EXERCISE.
Report how many lines below include "Apache", giving the figure alone.

(RAW DATA)

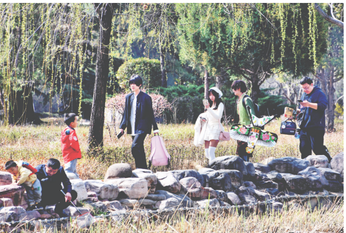
市民三五成群或携家带口在公园里游玩。
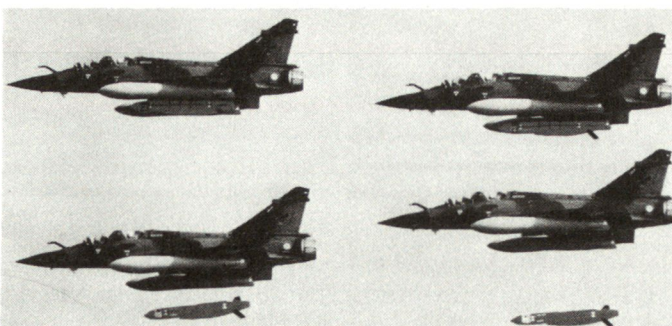
Erster Abschuss eines französischen Marschflugkörpers Apache über 140 km.

Mit diesem Test wurde ein wichtiger Meilenstein der Apache-Entwicklung erreicht. Laut Matra erfolgen die ersten Lieferungen an die Armée de l'Air im Jahre 1998. Bisher hat sich auch die deutsche Luftwaffe für eine Apache-Beschaffung entschieden, und Grossbritannien wird den Flugkörper in die laufende Evaluation einbeziehen. hg

(End RAW DATA)

YOUR RESPONSE.
2